Une histoire de désamour avec la France
“Être Française m’a beaucoup apporté ici”, accorde Ophélia. Des origines avantageuses qui lui ont apporté des contrats pour dessiner des façades parisiennes, ou une carte Où pic-niquer à la française?. “L’image de la France à l’étranger est porteuse pour la carrière. Ils sont attirés par notre savoir-faire et trouve que nous avons du goût”.
Même si elle se dit “fière d’être Française”, la graphiste, qui a grandi aux États-Unis, n’envisage pas de revenir au pays. “Je n’aurais jamais pu accomplir le même travail en France”, souffle-t-elle. Trop codé, trop classifié, le système tricolore ne laisse pas la place aux parcours hors normes. “J’ai quand même essayé. Malgré mon expérience, je ne rentre pas dans les cases donc je n’ai pas ma place. Ça m’a complètement découragé”, soutient-elle.

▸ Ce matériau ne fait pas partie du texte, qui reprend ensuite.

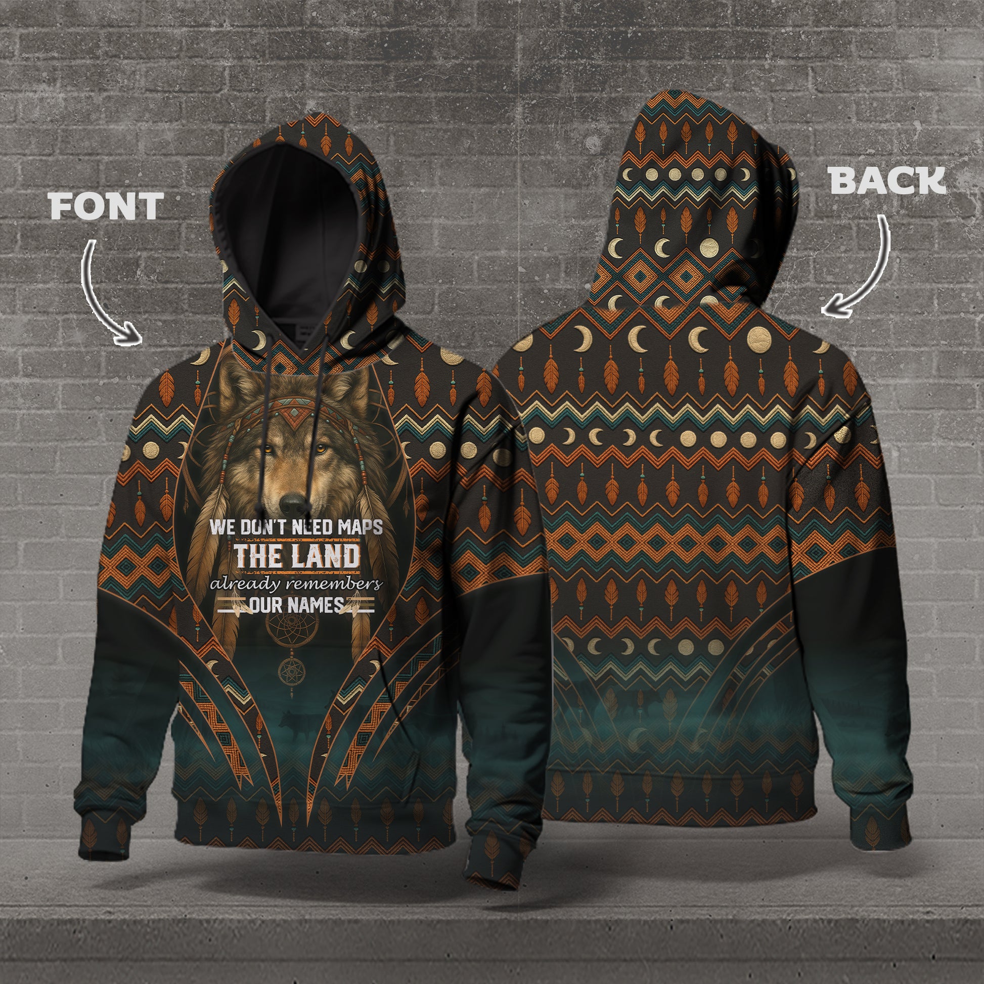 Spirit of the Wolf – Tribal Geometric Design in Dark Green and Copper Tones

Un blocage qu’elle a mis en scène lors du festival French May 2017 à Hong Kong. Enfermée dans une boîte en verre durant quatre jours, à la vue des 33.000 visiteurs, elle a voulu recréer ses angoisses parisiennes pour produire une oeuvre. “À Hong Kong je me sens très bien, il fallait que je trouve un moyen de me mettre mal à l’aise. J’ai fait une performance lors de laquelle j’ai créé sur place une oeuvre à base de cordes en fonction de mes sentiments”, décrit l’artiste.

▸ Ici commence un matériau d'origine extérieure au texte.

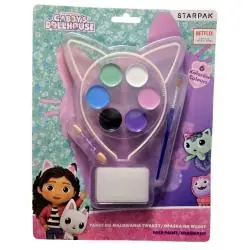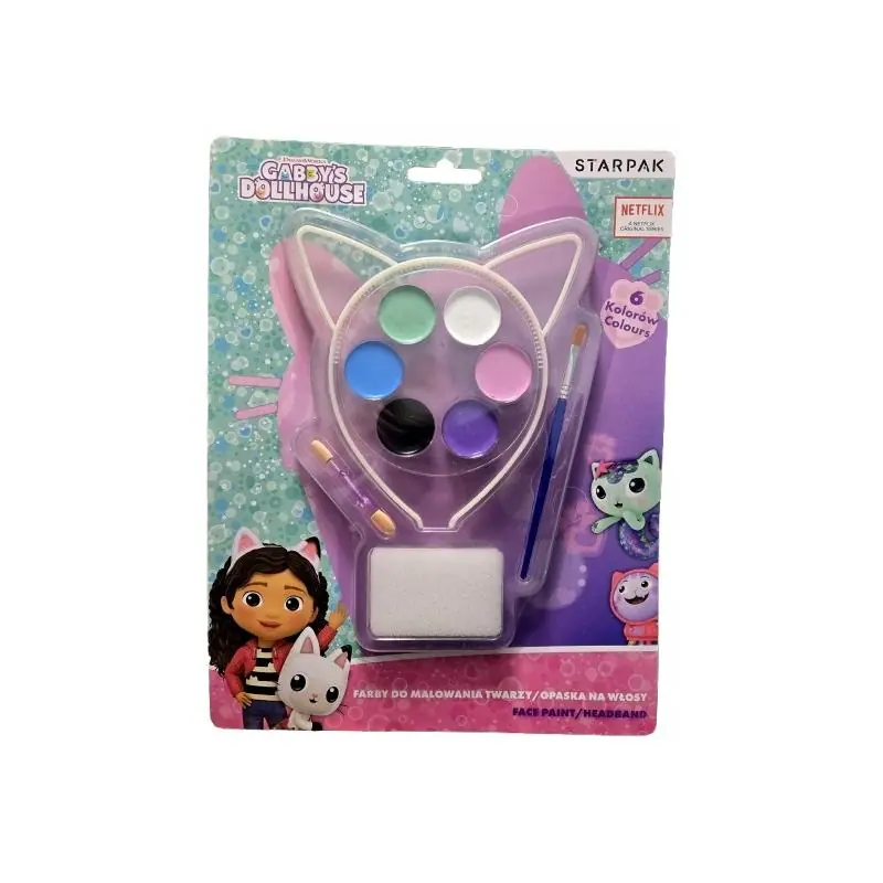 STARPAK Farby do malowania twarzy KOCI DOMEK GABI 6 kolorów to praktyczny i bezpieczny zestaw artystyczny dla dzieci, pozwalający na tworzenie kreatywnych wzorów na twarzy. Doskonałe do zabawy w domu, przedszkolu, szkole i podczas przyjęć tematycznych.

Une artiste en soif de liberté
Graphiste réputée, Ophélia est avant tout une artiste depuis ses 26 ans comme elle s’amuse à le dire. C’est pourquoi sa société Merakilya possède une branche qui lui permet de développer Son Art. Avec quatre expositions à son actif, elle continue à voir les choses en grand. L’artiste touche à tout rêve d’immenses installations dans les rues de Hong Kong. “C’est peut-être justement parce qu’il n’y a pas d’espace. On en revient toujours à l’envie de faire ce qu’on ne peut pas”, rit-elle avec malice.
C’est pourtant ce principe qui l’a poussé à se dépasser: “Il faut croire à 100% en ce qu’on fait. Si moi je n’y crois pas, personne ne le fera à ma place. Pour moi, la passion a été la plus efficace des motivations”.